I was walking down the hall one morning between second and third periods when a voice behind me said, “Boy, I'd like to get a piece of that.” I looked up to see Elaine walking down the hall the other way, and when I turned around I saw the voice came from none other than Fartin' Martin O'Brian. The guy with him—the same guy who was delivering papers with him that day, John Dolan—said, “I already did, man.”

O'Brian punched him in the shoulder. “Right. I'll bet. You couldn't get a piece of a hollow log.”

“No, really,” Dolan said. “She acts cool, but she's as hot for it as any other chick. I didn't even have to do anything. She was all over me.”

There was a pause. “You kidding me?” O'Brian said finally. It's amazing how easy it is to believe something we want to believe.

Dolan raised his right hand. “Last year. It's the gospel,” he said. “Take her out. See for yourself.”

I wanted to turn around and tell them both that if either one of them tried to take Elaine out, she'd tear them a new anal orifice, but I let it pass. O'Brian said he
might just do that and I walked away from their stupid conversation. That was the first time I had any idea how degrading it is for guys to make up stories about who they've been in the sack with. It's a lot clearer when it's someone you know.

Anyway, the next day we were all in Dolly's after school. It was springtime; swimming season was over and we were on the prowl. Dolan walked in and sat down at a booth with O'Brian and a bunch of the other baseball players; they had just finished practice, I think. I kicked Elaine under the table and said, “Hey there, hot stuff.
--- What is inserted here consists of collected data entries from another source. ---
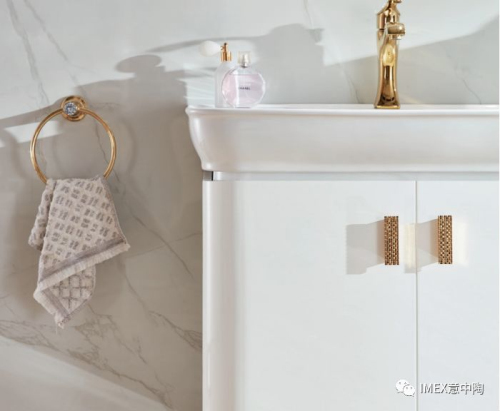 雕工精美的縷金拉手讓純凈地空間多了些靈動,搭配以古典唯美的金龍頭,而這相交呼應,共同為捷恩斯衛(wèi)浴空間增添溫暖。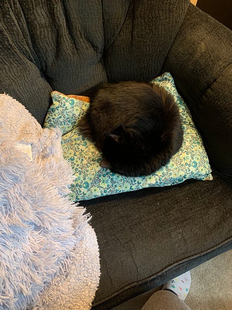 Eventually I changed jobs and started a new education journey and Coco continued to slow down. There would be a dramatic burst that prompted me to call the vet, a series of tests, and then a newly adjusted equilibrium. She’d spend most of her days sleeping, often taking my spot on the bed after I finished getting up. She still screeched for food and insisted I go to bed around 11 pm (I just had to be in bed, not necessarily asleep). Earlier this year, we were gifted a tremendously glorious heated pillow that responded to her weight so she didn’t overheat, and she basically lived in it for hours at a time, sleeping the day and night away.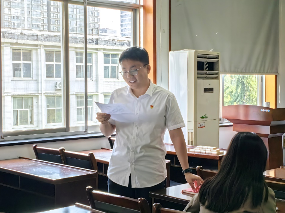 接着,支部书记刘家忱对于支部上半年的工作进行了汇报,并为毕业生党员送上寄语。刘家忱同志首先对支部上半年所获荣誉、发展党员情况及主要开展活动进行了回顾及总结,接着对毕业生党员们三年来为支部所做的努力与贡献表达了感谢,他表示支部发展与建设离不开所有党员同志们的努力与奋斗。最后刘家忱同志为各位毕业生党员送上期许,祝各位毕业生党员们前程似锦,在新的学习和工作岗位上,继续书写精彩华章。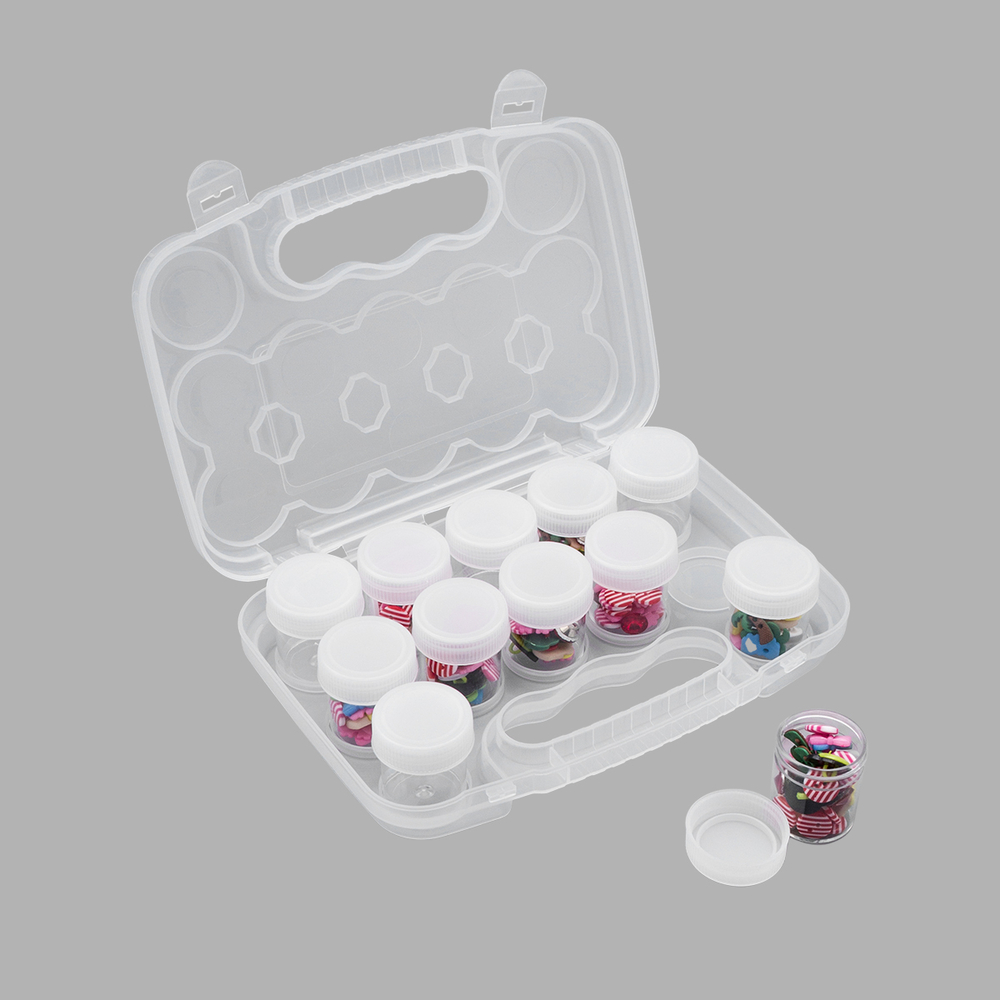 Пластиковый контейнер с крышкой защелкивается на две клипсы, поэтому при транспортировке ничего не выпадет. Органайзер для мелочей легко поместится в сумке или рюкзаке, позволяя всегда иметь необходимые материалы под рукой. Прозрачный корпус облегчает поиск нужной вещи. Качественный пластик устойчив к царапинам и повреждениям.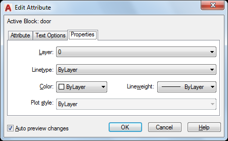 Defines the layer that the attribute is on and the color, lineweight, and linetype for the attribute's line. If the drawing uses plot styles, you can assign a plot style to the attribute using the Properties tab.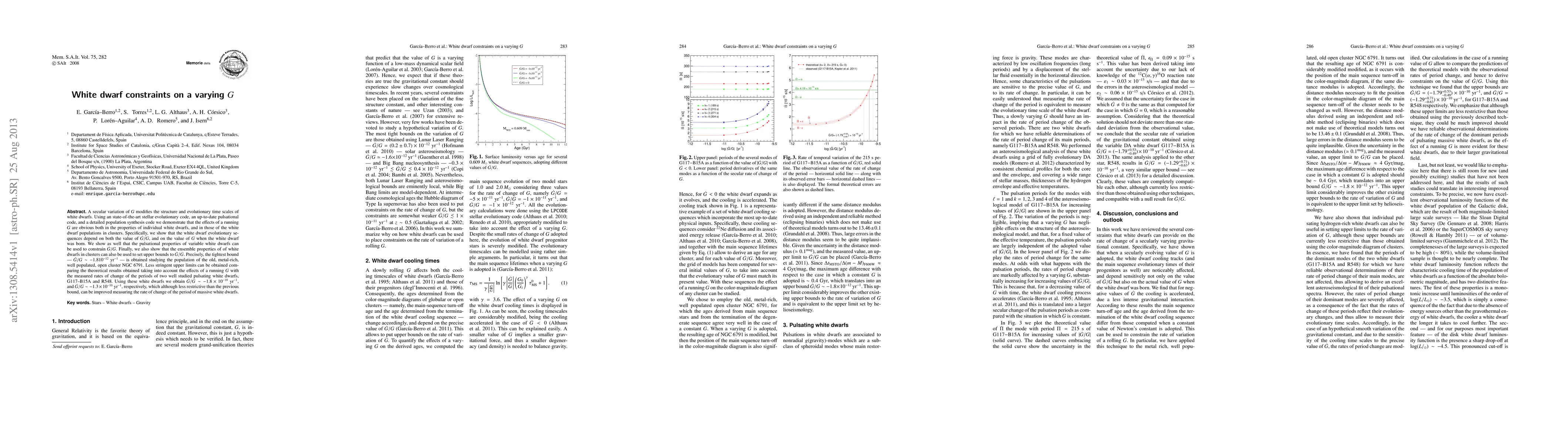 A secular variation of $G$ modifies the structure and evolutionary time scales of white dwarfs. Using an state-of-the-art stellar evolutionary code, an up-to-date pulsational code, and a detailed population synthesis code we demonstrate that the effects of a running $G$ are obvious both in the properties of individual white dwarfs, and in those of the white dwarf populations in clusters. Specifically, we show that the white dwarf evolutionary sequences depend on both the value of $\dot G/G$, and on the value of $G$ when the white dwarf was born. We show as well that the pulsational properties of variable white dwarfs can be used to constrain $\dot G/G$. Finally, we also show that the ensemble properties of of white dwarfs in clusters can also be used to set upper bounds to $\dot G/G$. Precisely, the tightest bound --- $\dot G/G \sim -1.8 10^{-12}$ yr$^{-1}$ --- is obtained studying the population of the old, metal-rich, well populated, open cluster NGC 6791. Less stringent upper limits can be obtained comparing the theoretical results obtained taking into account the effects of a running $G$ with the measured rates of change of the periods of two well studied pulsating white dwarfs, G117--B15A and R548. Using these white dwarfs we obtain $\dot G/G\sim -1.8\times 10^{-10}$ yr$^{-1}$, and $\dot G/G\sim -1.3\times 10^{-10}$ yr$^{-1}$, respectively, which although less restrictive than the previous bound, can be improved measuring the rate of change of the period of massive white dwarfs.

I hear you're pretty good in the sack.”

A quick confused look passed over her face, like she couldn't believe I'd said that, followed by another look that said: How would you like to have to go through your stools to count your teeth?
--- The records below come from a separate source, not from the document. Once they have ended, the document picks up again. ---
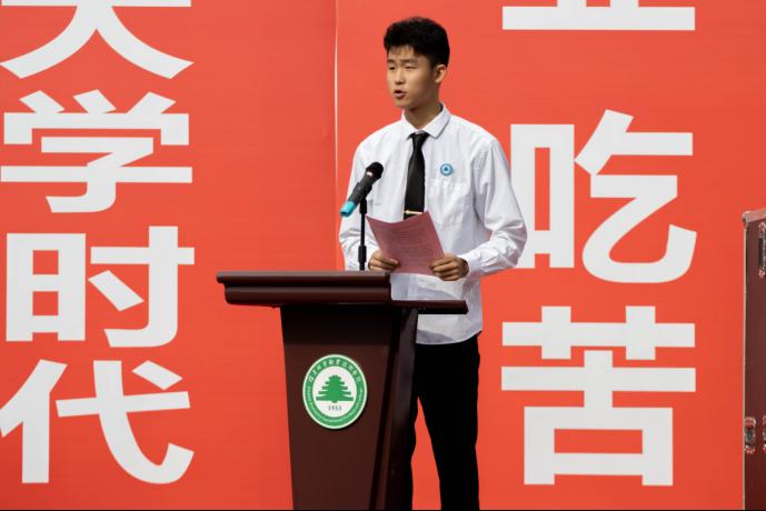 来自安徽省的园林系风景园林设计2103班的杨国诚,艺术传媒系新闻2101班的王锦琳作为新生代表分别发表了热情洋溢的发言。他们承诺在接下来的军训期间,听从教官指挥,服从教官安排,弘扬不怕苦、不怕累的精神,刻苦训练,认真做好每一个动作,每一个姿势,磨练自己顽强的意志,以良好的精神风貌展现出当代大学生的风采。
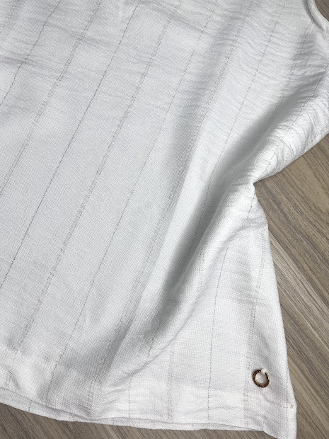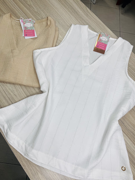 Regata moderna, confeccionada em tecido leve com listras em lurex que adicionam brilho discreto à peça.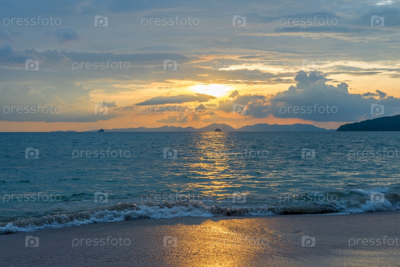 Чистое красивое море в лучах заходящего солнца с горами на горизонте, прекрасные пейзажи

I put my hands in the air and said, “Just repeating what I heard.” I repeated Dolan and O'Brian's conversation for her.

Elaine pursed her lips and her eyes narrowed. “I did go out with him,” she said, “for the same reason I give quarters to bums on the street. The jerk took me to Five-Mile and gave me the old ‘put out or get out' routine.” She laughed. “I punched him in the chest as hard as I could and got out. He followed me all the way back
to the city apologizing and begging me to get back in. Took me almost two hours to walk home.”